I suppose the first point is that there are so many potential occurrences, but as the Feynman license plate quote brings to our attention - we only focus on the occurrences that jump out at us as coincidence and ignore the thousands of experiences which do not raise to coincidence.
For example, I might go years without running across a reference to (picking several at random) Oona Chaplin or Nils Bohr or Andersonville, then hit two completely unrelated references to that within days. But, I get megabytes of data spewed at me at random every day. Coincidences happen.
The other point, to pick up on the OP’s discussion of leap years - there is no correlation between two intervals, solar day and solar year - so any attempt to relate the two will be an approximation. 1 in 4 didn’t fit exactly. So 1 in 4 minus 1 in 100 plus 1 in 400 fits better. But millennia from we will have to make a finer adjustment, no matter what number base we choose. The same could be said of moon cycles in a year or days in a moon cycle - there is no direct dependency, so any numeric description will be an approximation with a some error.
Not quite sure where you are going with that. For Brouwer’s Fixed Point Theorem to work the two sets must be that same so if a 1-1 scale map of the US were placed over the US there would be (at least) one spot under it’s spot on the map.
Missed the edit time
If you are saying that a 1-1 scale US map were folded up on a table then it would still work since the point where the desk is is on the map so it is mapped to itself.

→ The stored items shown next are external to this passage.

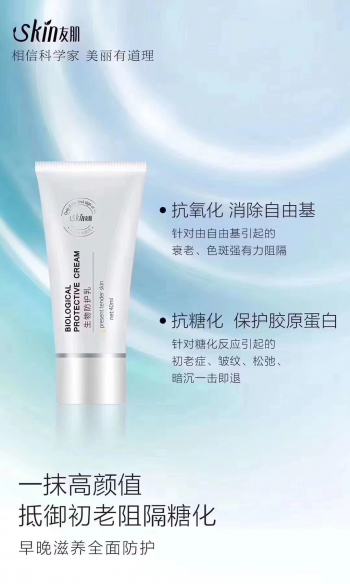 友肌生物防護乳,集合生物防曬和化學防曬成分,有效阻隔UVA和UVA,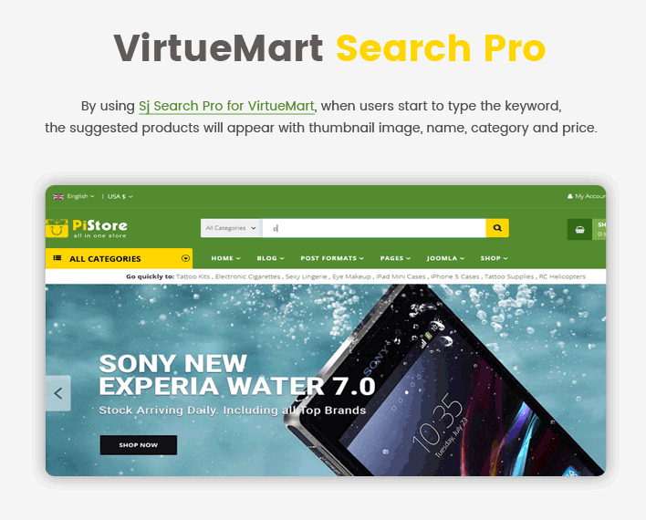 Sj PiStore is integrated with Powerful VirtueMart 3 Component which allows you freely show all your products in a clean way. The responsive theme comes with lots of functional extensions and trending features: Helix3 Framework which includes Bootstrap & LESS, mega menu and off-canvas menu, multi-languages, AJAX cart, Quickview, 65+ Useful Shortcodes, Ajax Filter for VirtueMart and much more…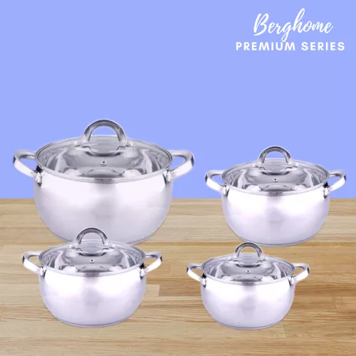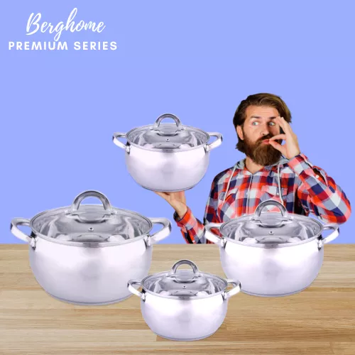 A készlet tartalma 4db, különböző méretű edény üvegfedővel, az edények mindegyike speciális 3 rétegű alumínium-acél hőtároló talppal rendelkezik, így hamarabb, átfő az étel és csökken a főzési idő.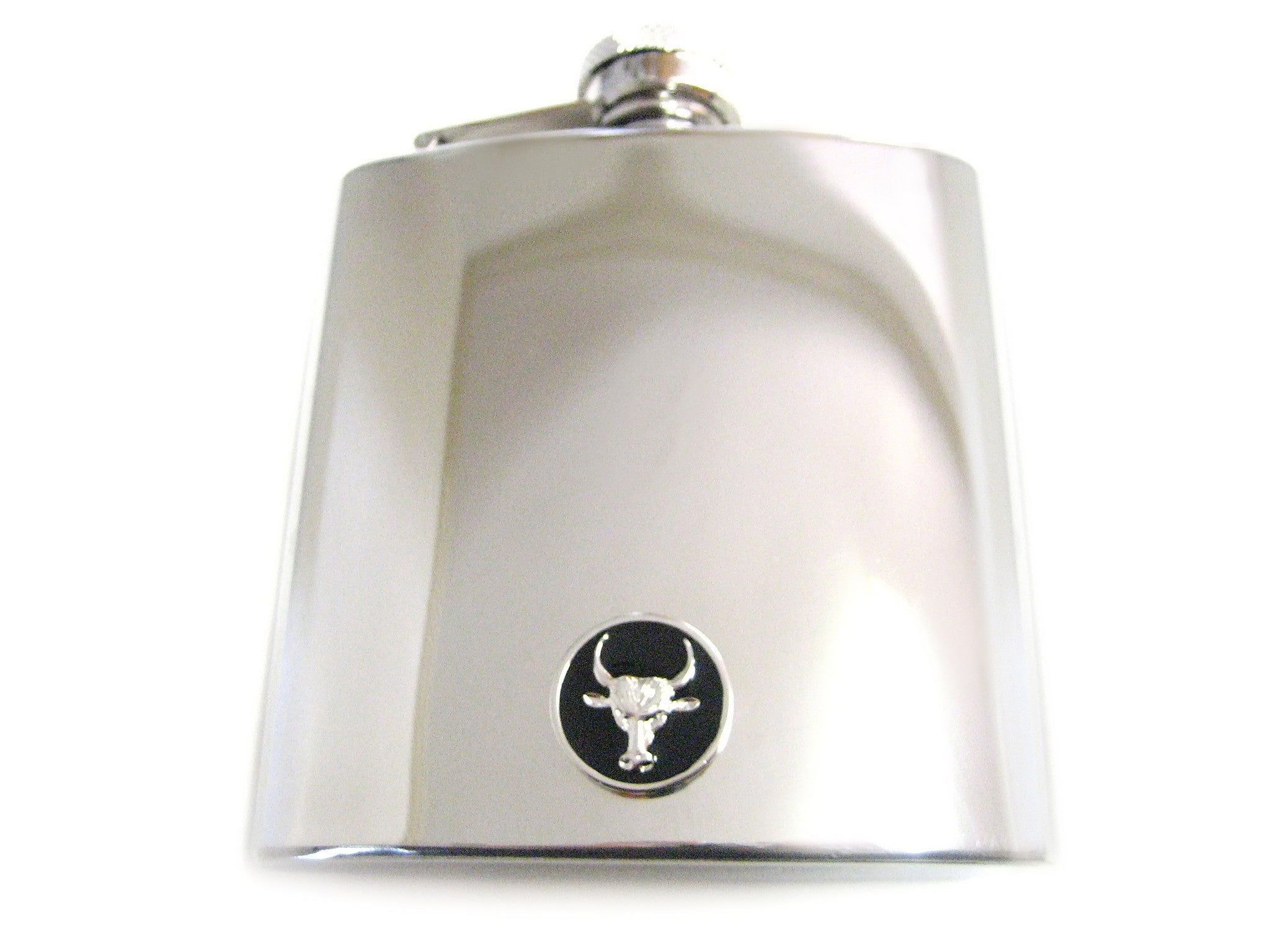6 Oz. Stainless Steel Flask with Bull Pendant

In fact, occasional one-second (“Leap Second”) adjustments are made now and then, somewhat irregularly, to prevent the drift from exceeding one second. It turns out that even this causes problems, so the practice is controversial.
If the map is 1:1 scale and you lay it over the mapped area (so every point corresponds), then slide it 1cm to the west, no point will correspond.
I think for the theorem to be guaranteed to work, the map has to be placed so it is fully contained within the boundaries of the mapped area (which will almost invariably mean it must be at a smaller scale than 1:1)
And that is analogous to the example of the Celsius versus Kelvin temperature scales, which are simply apart from each other by a fixed value of 273.16.
The map-on-the-map theorem works like this:
You have a map spread out flat on the table. You have another identical copy of the map sitting on top of the flat copy, but it is folded or crumpled up so that it is entirely contained within the area of the flat map (as Mangetout says above). That is, every point of the crumpled map is directly above some point of the flat map. (I’m not sure if there is any requirement that the maps be at the same scale.)
Then there will be at least one point on the top map that is directly above its counterpart point on the bottom map.
ETA: However:
This fails the required conditions, as it will leave the top map with some points that are not directly above any part of the lower map. The theorem requires that the top map lie entirely above the bottom map.
ETA: I think there is also a requirement that neither map have any gaps or be torn in any way. The two surfaces must be continuous.